In a mixed review of the album, Billboard said that the group "strive to establish themselves as a durable entity with a baker's dozen's worth of featherlight ditties that range in quality from guilty pleasures to already-dated clunkers". On a positive note, the review said that "Bouncing Off the Ceiling (Upside Down)" and "…To the Music" "have an undeniably sunny charm that will tickle the fancy of some preteens" and that "Halfway Around the World" "could actually draw the attention of grown-ups hungry for a sugary diversion", but overall the album "is a collection of more misses than hits". Writing for AllMusic, Jon Azpiri gave the album one out of five stars, saying that "some people just don’t know when to quit" and that on this album "instead of blatantly ripping off ABBA, they choose to imitate the trademark sound of ubiquitous Swedish pop super-producer Max Martin". Laut gave the album two out of five stars, criticizing the music’s similarities to recent hits by 'NSync, the Backstreet Boys and Britney Spears, but said, "At least the happy mood is still reminiscent of ABBA." In a negative review, J.R. Griffin of Rolling Stone said that "without the nostalgic ABBA tunes on their side, the A-Teens have demoted themselves to the level of S Club 7, a younger Ace of Base and god-forbid, Aqua.
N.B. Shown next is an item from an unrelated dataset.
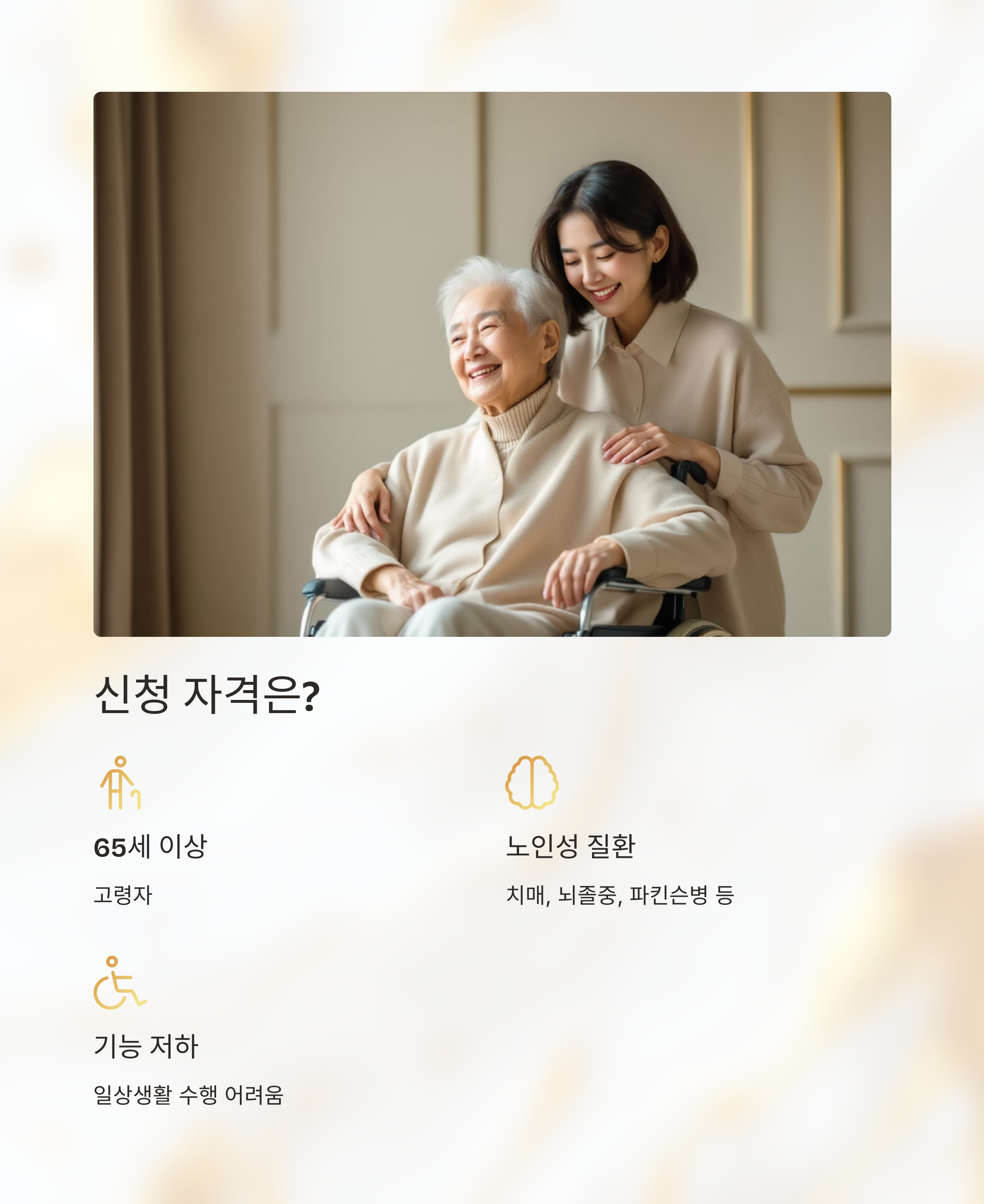노인장기요양보험은 기본적으로 만 65세 이상의 고령자를 대상으로 합니다. 다만, 65세 미만이라도 치매, 뇌졸중, 파킨슨병 등 노인성 질환으로 인해 일상생활 수행이 어려운 경우에도 신청이 가능합니다.

This sappy stuff will only appeal to the youngest of kids known for cranking Radio Disney on a continual basis." Writing for Sonic.net, Paul Gaita gave the album its highest rating, two and a half out of five stars, and said that if the group "intend to make good on the threat of their final track and come "Back for More," they'll need to work twice as hard to dispel both the ghosts of [ABBA] and this new straight-outta-IKEA personality as well." Writing for Wall of Sound, Gary Graff also criticized the similarities between the album's production and recent Max Martin produced efforts and gave the album a score of 40 out of 100. He praised group members Amit and Dhani for taking a more prominent role this time out, saying that the group achieve a few ABBA-esque moments on the lush pop pieces "Sugar Rush" and "Back for More".

Commercial performance
The album peaked at No. 2 in Sweden on the Sverigetopplistan Albums Top 60 chart, No. 18 in Austria on the Ö3 Austria Top 40 Top Albums chart, No. 33 in Finland on the Official Finnish Charts Top 50 Albums chart, No. 5 in Germany on the GfK Entertainment Top 100 Albums chart, No. 5 in the Netherlands on the Dutch Top 40, No. 37 in Norway on the VG-lista Top 40 Albums chart, No. 13 in Switzerland on the Swiss Hitparade Top 100 Albums chart, and No. 50 in the United States on the Billboard 200.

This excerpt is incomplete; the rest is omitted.